:: Required work ::
Could all of the entries be written out exactly, with any pictures omitted?

Records from a data source
● ● ● ● ● ● ●
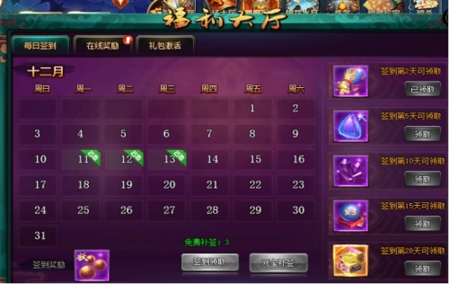 每日签到:玩家们每次进入游戏时,就可以点击签到系统中,进行签到,签到后就可以获得对应的奖励。玩家们连续签到的天数增加后,能够获得的奖励也就越丰富了,轻轻一点,奖励到手。
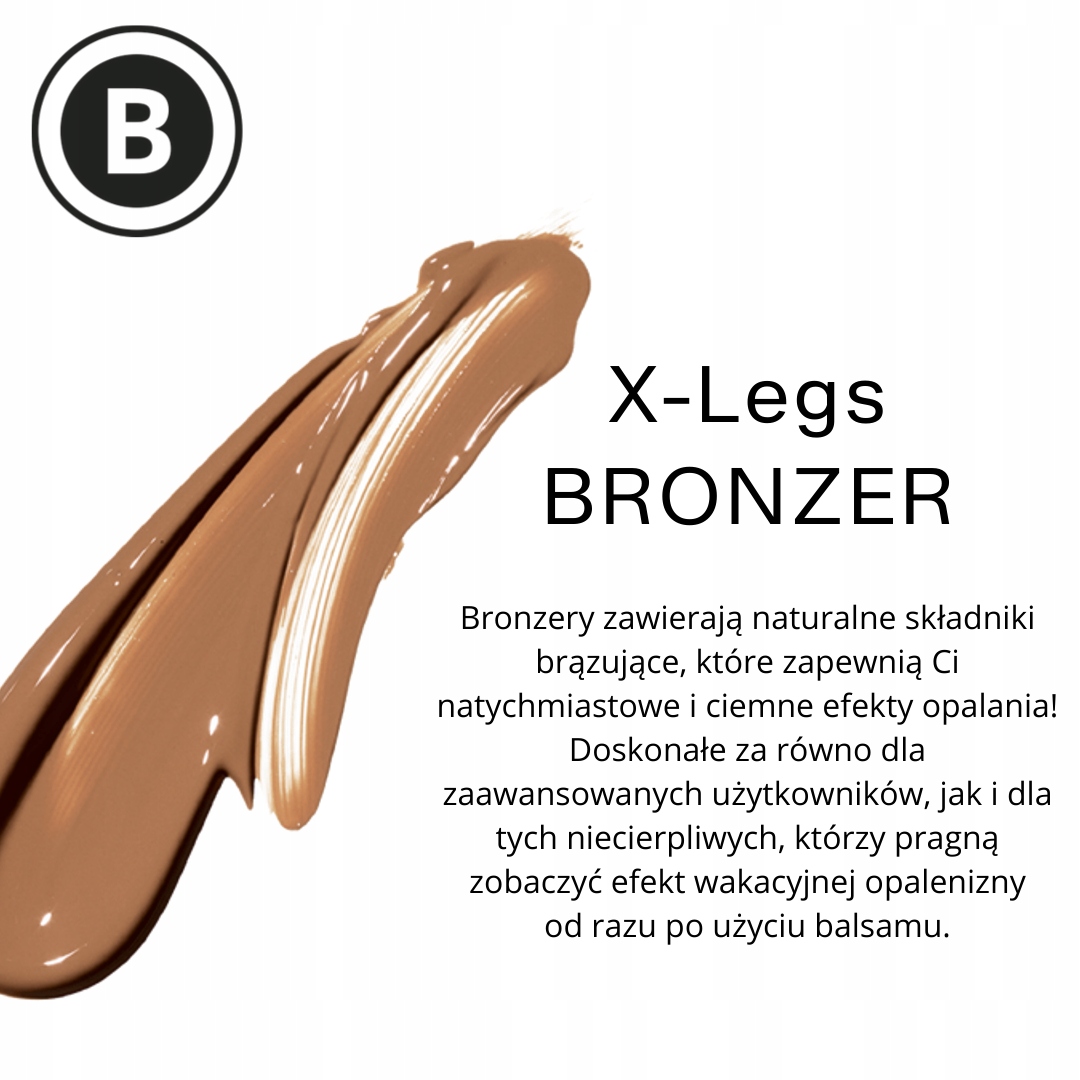Сделайте свои ноги потрясающими с помощью X-Legs Bronzer! Бронирующая формула X-Legs специально затемняет участки тела, трудно поддающиеся загару. Содержит большую дозу натуральных и косметических бронзаторов - DHA, карамель и эритрулоза, обеспечивающих мгновенный глубокий загар благодаря насыщенной и сильно затемняющей формуле.
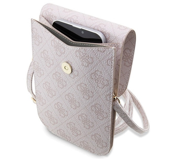 A Guess 4G Stripes kis táska rózsaszín színben, prémium minőségű anyagokból készült, és a híres Guess 4G logóval díszített. Stílusos és praktikus választás a mindennapi használatra, ideális a személyes tárgyak tárolására. A táska elegáns megjelenést biztosít, tökéletes kiegészítő bármilyen outfithez. Mérete: 17 cm x 10 cm x 2 cm
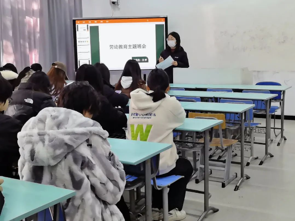 主题宣传教育——学院在公众号开设专题专栏,组织完成主题班会、劳模进班级、劳动成果展示等系列主题宣传教育活动,结合学生入学、党课、离校等重要时间节点,学院“一站式”学生社区等实体阵地,集中宣传学生在自我教育、自我管理、自我服务等方面特色做法和典型经验,强化劳动观念,弘扬劳动精神。
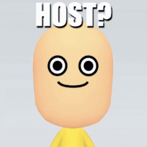 Provemkw Provemk8's Mii character with a smiling face asks 'HOST?' above its head.
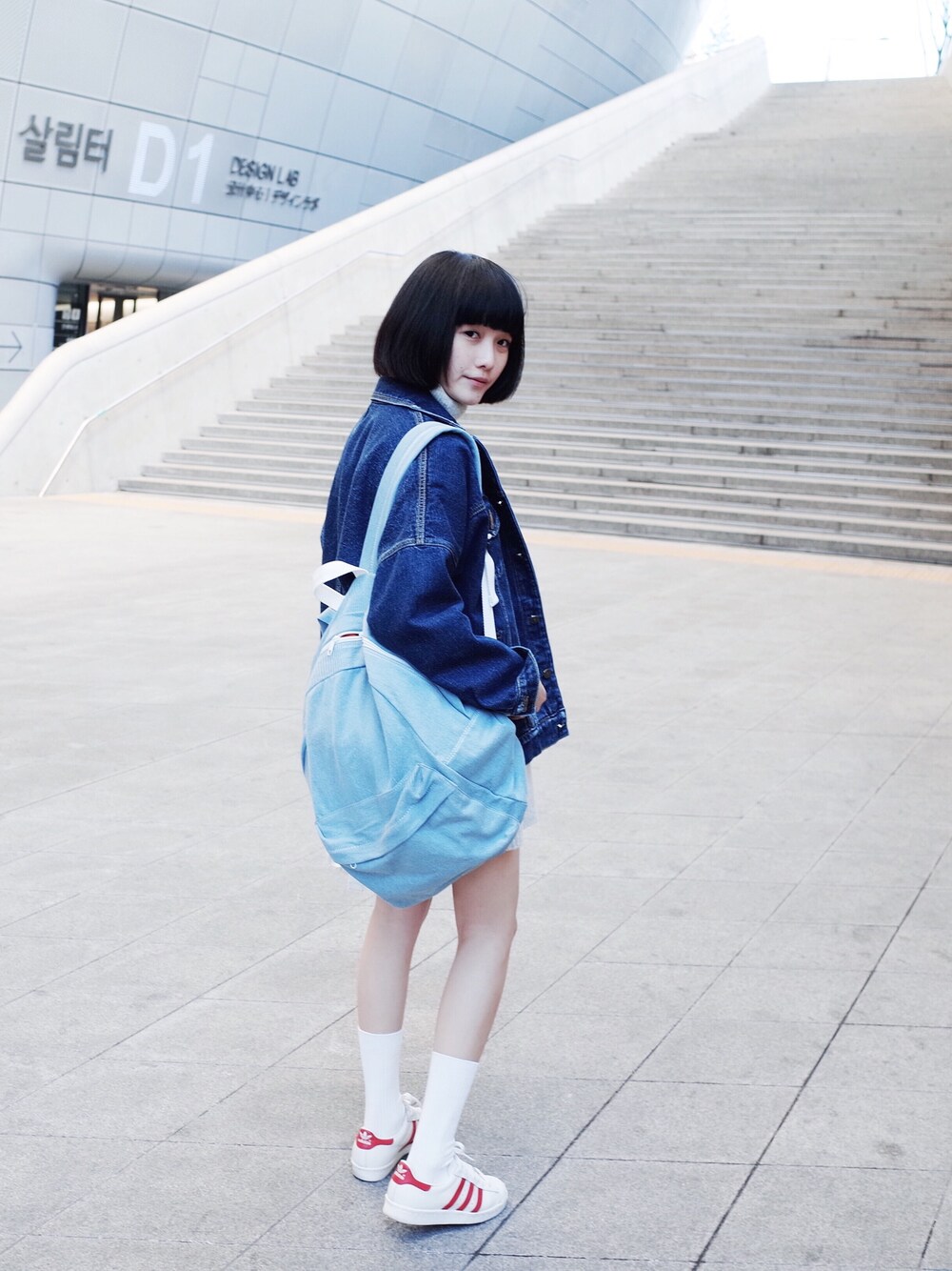 ホワイト系のスニーカーを着用したレディースの冬コーディネートの1枚目の写真
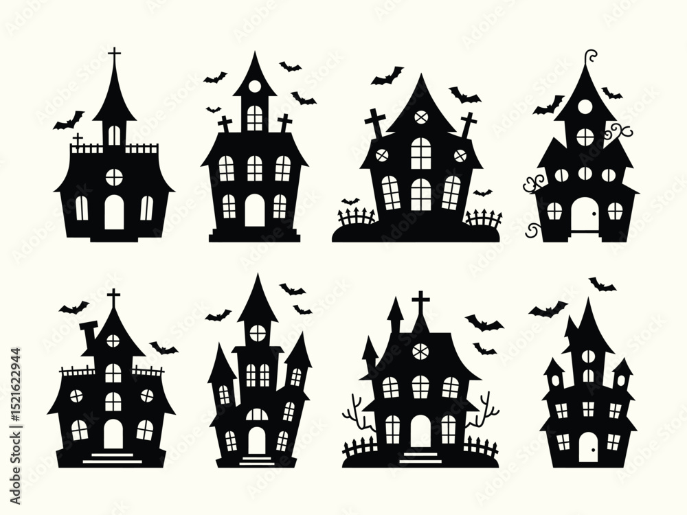 Obraz na plátně A collection of scary haunted mansions and flying bats for all your fright night design projects
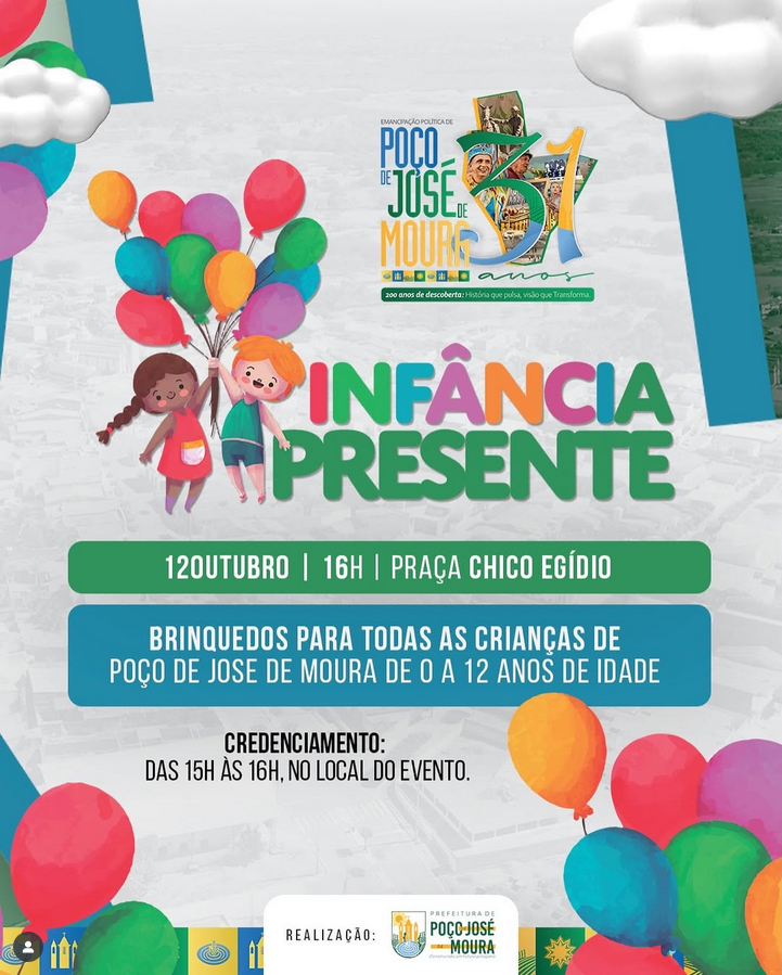 10/10/2025 - 14:49h - NotíciasA Prefeitura de Poço de José de Moura promove neste domingo (12) o evento “Infância Presente”, em comemoração ao Dia das Crianças. A programação começa às 16h, na Praça Chico Egídio, dentro das ações pelos 31 anos de emancipação política do município.
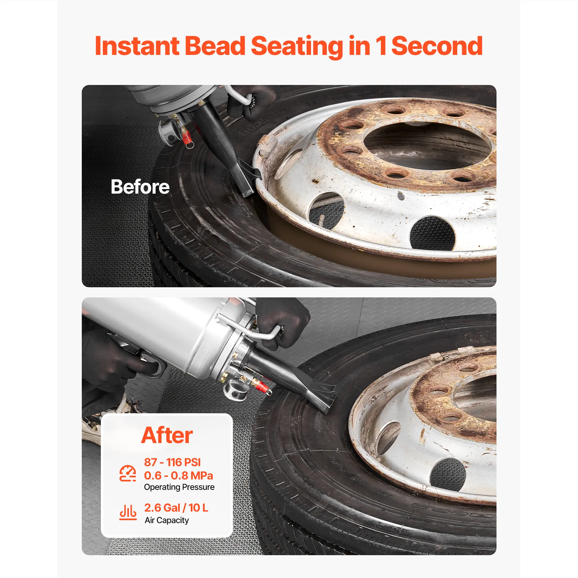 • Instant Inflation: This tire bead seater boosts tire-changing efficiency, saving both time and effort. By instantly releasing high-pressure air, it forces the tire bead back into the rim’s groove, completing the bead seating process
● ● ● ● ● ● ●
:: Response for this exercise ::
 每日签到:玩家们每次进入游戏时,就可以点击签到系统中,进行签到,签到后就可以获得对应的奖励。玩家们连续签到的天数增加后,能够获得的奖励也就越丰富了,轻轻一点,奖励到手。
Сделайте свои ноги потрясающими с помощью X-Legs Bronzer! Бронирующая формула X-Legs специально затемняет участки тела, трудно поддающиеся загару. Содержит большую дозу натуральных и косметических бронзаторов - DHA, карамель и эритрулоза, обеспечивающих мгновенный глубокий загар благодаря насыщенной и сильно затемняющей формуле.
 A Guess 4G Stripes kis táska rózsaszín színben, prémium minőségű anyagokból készült, és a híres Guess 4G logóval díszített. Stílusos és praktikus választás a mindennapi használatra, ideális a személyes tárgyak tárolására. A táska elegáns megjelenést biztosít, tökéletes kiegészítő bármilyen outfithez. Mérete: 17 cm x 10 cm x 2 cm
 主题宣传教育——学院在公众号开设专题专栏,组织完成主题班会、劳模进班级、劳动成果展示等系列主题宣传教育活动,结合学生入学、党课、离校等重要时间节点,学院“一站式”学生社区等实体阵地,集中宣传学生在自我教育、自我管理、自我服务等方面特色做法和典型经验,强化劳动观念,弘扬劳动精神。
 Provemkw Provemk8's Mii character with a smiling face asks 'HOST?' above its head.
 ホワイト系のスニーカーを着用したレディースの冬コーディネートの1枚目の写真
 Obraz na plátně A collection of scary haunted mansions and flying bats for all your fright night design projects
 10/10/2025 - 14:49h - NotíciasA Prefeitura de Poço de José de Moura promove neste domingo (12) o evento “Infância Presente”, em comemoração ao Dia das Crianças. A programação começa às 16h, na Praça Chico Egídio, dentro das ações pelos 31 anos de emancipação política do município.
 • Instant Inflation: This tire bead seater boosts tire-changing efficiency, saving both time and effort. By instantly releasing high-pressure air, it forces the tire bead back into the rim’s groove, completing the bead seating process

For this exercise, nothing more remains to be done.